I believe this is happening because when the while loop ends the session variable is set to the last one.
Can someone tell me how to fix this?
Thanks

Try using GET variable instead of session
in main.php use
echo "<li> <a href='fullproject.php?projectname=$row2[projectname]'>";
in fullproject.php declare a variable and initialize it to the get variable
$projectname= $_GET['projectname'];

There is a lot wrong with this code.
1) You are trying to send the primary key of the table via 2 different methods in main.php: in the session and via the path of the URL. This is just bad practice - the reason you have access to different conduits for passing data is that they all have different semantics, but even then, sending the same thing twice then there's always going to be a risk that the receiving end may see different values and must terefore have a way of reconciling the discrepancy.
2) You are using the session to pass a transactional data item.
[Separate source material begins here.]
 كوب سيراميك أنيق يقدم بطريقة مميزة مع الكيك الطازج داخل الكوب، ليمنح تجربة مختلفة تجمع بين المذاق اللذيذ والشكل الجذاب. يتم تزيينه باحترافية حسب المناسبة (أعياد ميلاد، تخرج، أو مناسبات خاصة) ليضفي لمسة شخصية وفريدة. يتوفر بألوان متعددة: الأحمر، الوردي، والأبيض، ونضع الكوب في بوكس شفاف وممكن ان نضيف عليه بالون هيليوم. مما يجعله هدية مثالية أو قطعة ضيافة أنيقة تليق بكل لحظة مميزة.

This is a bad idea - the data item relates to a specific transition - not to the session. $_SESSION should only be used for storing data relating to the sesion - not to navigation or transactions.
3) The other conduit you provided for passing the data item is by appending it to the path within the URL. While in some circumstances this approach has benefits it also has complications specific to the webserver the code is implemented on - you've not provided any explanation of why you are using this apporach instead of a conventional $_GET or $_POST var.
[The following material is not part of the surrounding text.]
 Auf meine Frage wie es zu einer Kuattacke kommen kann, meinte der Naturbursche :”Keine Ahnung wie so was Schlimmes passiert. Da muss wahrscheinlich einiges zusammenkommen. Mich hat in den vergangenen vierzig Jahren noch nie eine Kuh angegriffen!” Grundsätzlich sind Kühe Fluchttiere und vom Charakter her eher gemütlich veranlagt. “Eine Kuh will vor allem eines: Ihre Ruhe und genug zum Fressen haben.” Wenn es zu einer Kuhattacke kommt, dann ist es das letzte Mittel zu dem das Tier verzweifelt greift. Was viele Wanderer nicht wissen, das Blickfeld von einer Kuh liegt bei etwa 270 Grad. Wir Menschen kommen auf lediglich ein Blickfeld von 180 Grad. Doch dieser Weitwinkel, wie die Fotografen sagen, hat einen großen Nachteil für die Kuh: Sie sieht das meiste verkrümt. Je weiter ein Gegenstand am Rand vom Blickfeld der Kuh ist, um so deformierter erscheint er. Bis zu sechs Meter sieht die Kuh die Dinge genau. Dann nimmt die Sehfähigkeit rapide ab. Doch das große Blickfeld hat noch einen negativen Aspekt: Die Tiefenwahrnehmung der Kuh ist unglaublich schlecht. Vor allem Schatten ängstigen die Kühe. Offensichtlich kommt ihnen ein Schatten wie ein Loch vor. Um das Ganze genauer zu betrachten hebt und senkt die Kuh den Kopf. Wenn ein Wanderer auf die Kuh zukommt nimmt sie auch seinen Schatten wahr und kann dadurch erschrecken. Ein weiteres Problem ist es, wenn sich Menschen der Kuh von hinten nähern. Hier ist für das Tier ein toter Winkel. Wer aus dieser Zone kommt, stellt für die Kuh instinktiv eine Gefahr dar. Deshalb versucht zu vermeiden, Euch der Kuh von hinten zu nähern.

The reason your code is failing is because you can only store a single value in $_SESSION['projectname']. Even if you stored an array of values in the session, there is no mechanism for the webserver to know which of these values was selected when the code was delivered to the browser.
Your HTML is badly structured and poorly formatted too.
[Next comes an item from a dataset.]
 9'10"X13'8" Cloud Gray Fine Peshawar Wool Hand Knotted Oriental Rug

The code you've shown does not match the description you've given (it does not display the project name).
Your code is also wide open to SQL injection attacks.
Change it so that in main.php:
echo "<div id=\"links\">\n";
echo "<ul>\n";
while($row2 = mysql_fetch_assoc($result2)){
echo "<li> <a href=\"fullproject.php?project=\""
. urlencode($row2['projectname']) . "\">"
. htmlentities($row2['projectname']) . "</a>\n";
echo "<br /><em>" . $row2['description'] . "</em></li>";
}
echo "</ul>";
echo "</div>";
And in fullproject.php
<?php
session_start();
require ("connect.php");
$projectname= mysql_real_escape_string($_GET['projectname']);

echo"<a href='fullproject.php?project_id='".$row2['project_id'].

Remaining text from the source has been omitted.